Work item:
Without including the pictures, copy out every line below.

Available data:
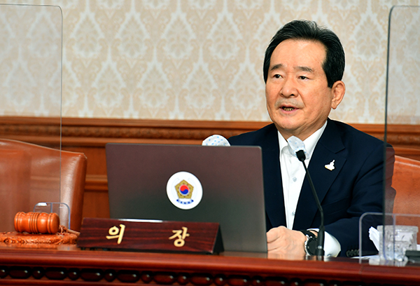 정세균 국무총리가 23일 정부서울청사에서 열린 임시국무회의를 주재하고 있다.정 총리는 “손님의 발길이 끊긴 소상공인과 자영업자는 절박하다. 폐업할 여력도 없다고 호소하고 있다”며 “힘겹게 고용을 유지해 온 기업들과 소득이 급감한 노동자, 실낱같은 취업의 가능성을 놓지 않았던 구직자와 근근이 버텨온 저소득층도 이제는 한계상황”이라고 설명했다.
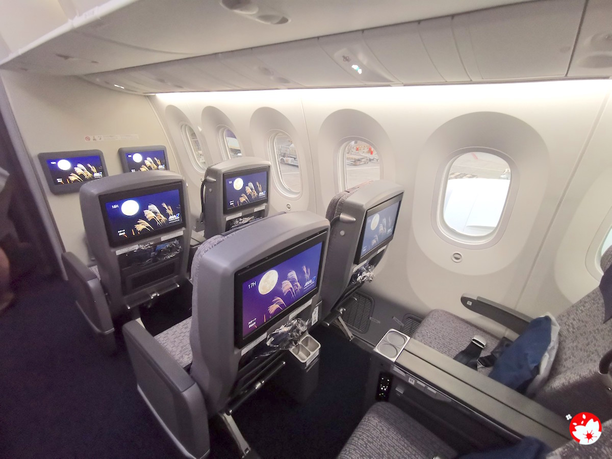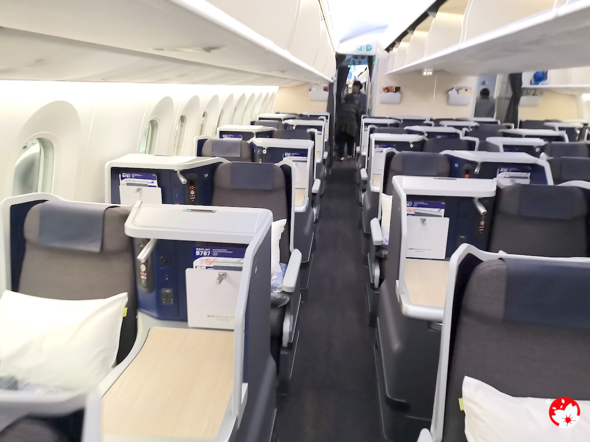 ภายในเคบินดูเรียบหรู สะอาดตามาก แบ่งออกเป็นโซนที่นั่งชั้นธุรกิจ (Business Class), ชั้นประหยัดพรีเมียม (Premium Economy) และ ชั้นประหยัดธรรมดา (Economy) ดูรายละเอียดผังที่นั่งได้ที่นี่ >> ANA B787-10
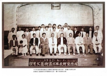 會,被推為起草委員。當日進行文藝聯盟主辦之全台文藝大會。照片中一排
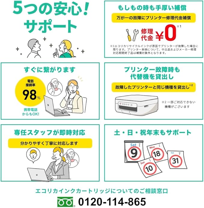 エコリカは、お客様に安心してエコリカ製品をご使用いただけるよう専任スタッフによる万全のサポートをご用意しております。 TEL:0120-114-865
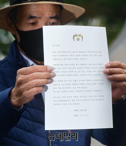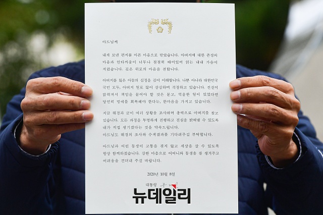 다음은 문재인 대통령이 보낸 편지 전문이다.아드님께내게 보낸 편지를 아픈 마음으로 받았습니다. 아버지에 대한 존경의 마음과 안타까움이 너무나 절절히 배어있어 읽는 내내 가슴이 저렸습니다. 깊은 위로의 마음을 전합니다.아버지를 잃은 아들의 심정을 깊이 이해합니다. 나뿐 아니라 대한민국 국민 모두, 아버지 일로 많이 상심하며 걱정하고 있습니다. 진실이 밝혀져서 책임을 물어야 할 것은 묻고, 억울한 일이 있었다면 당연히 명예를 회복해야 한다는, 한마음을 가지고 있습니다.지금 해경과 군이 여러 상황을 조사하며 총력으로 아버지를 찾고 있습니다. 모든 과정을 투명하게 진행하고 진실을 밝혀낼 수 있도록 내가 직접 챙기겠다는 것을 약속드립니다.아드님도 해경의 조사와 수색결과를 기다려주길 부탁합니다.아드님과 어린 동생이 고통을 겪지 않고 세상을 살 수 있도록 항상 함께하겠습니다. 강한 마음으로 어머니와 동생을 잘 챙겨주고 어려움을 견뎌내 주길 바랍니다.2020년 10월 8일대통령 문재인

Reply:
 정세균 국무총리가 23일 정부서울청사에서 열린 임시국무회의를 주재하고 있다.정 총리는 “손님의 발길이 끊긴 소상공인과 자영업자는 절박하다. 폐업할 여력도 없다고 호소하고 있다”며 “힘겹게 고용을 유지해 온 기업들과 소득이 급감한 노동자, 실낱같은 취업의 가능성을 놓지 않았던 구직자와 근근이 버텨온 저소득층도 이제는 한계상황”이라고 설명했다.
 ภายในเคบินดูเรียบหรู สะอาดตามาก แบ่งออกเป็นโซนที่นั่งชั้นธุรกิจ (Business Class), ชั้นประหยัดพรีเมียม (Premium Economy) และ ชั้นประหยัดธรรมดา (Economy) ดูรายละเอียดผังที่นั่งได้ที่นี่ >> ANA B787-10
 會,被推為起草委員。當日進行文藝聯盟主辦之全台文藝大會。照片中一排
 エコリカは、お客様に安心してエコリカ製品をご使用いただけるよう専任スタッフによる万全のサポートをご用意しております。 TEL:0120-114-865
 다음은 문재인 대통령이 보낸 편지 전문이다.아드님께내게 보낸 편지를 아픈 마음으로 받았습니다. 아버지에 대한 존경의 마음과 안타까움이 너무나 절절히 배어있어 읽는 내내 가슴이 저렸습니다. 깊은 위로의 마음을 전합니다.아버지를 잃은 아들의 심정을 깊이 이해합니다. 나뿐 아니라 대한민국 국민 모두, 아버지 일로 많이 상심하며 걱정하고 있습니다. 진실이 밝혀져서 책임을 물어야 할 것은 묻고, 억울한 일이 있었다면 당연히 명예를 회복해야 한다는, 한마음을 가지고 있습니다.지금 해경과 군이 여러 상황을 조사하며 총력으로 아버지를 찾고 있습니다. 모든 과정을 투명하게 진행하고 진실을 밝혀낼 수 있도록 내가 직접 챙기겠다는 것을 약속드립니다.아드님도 해경의 조사와 수색결과를 기다려주길 부탁합니다.아드님과 어린 동생이 고통을 겪지 않고 세상을 살 수 있도록 항상 함께하겠습니다. 강한 마음으로 어머니와 동생을 잘 챙겨주고 어려움을 견뎌내 주길 바랍니다.2020년 10월 8일대통령 문재인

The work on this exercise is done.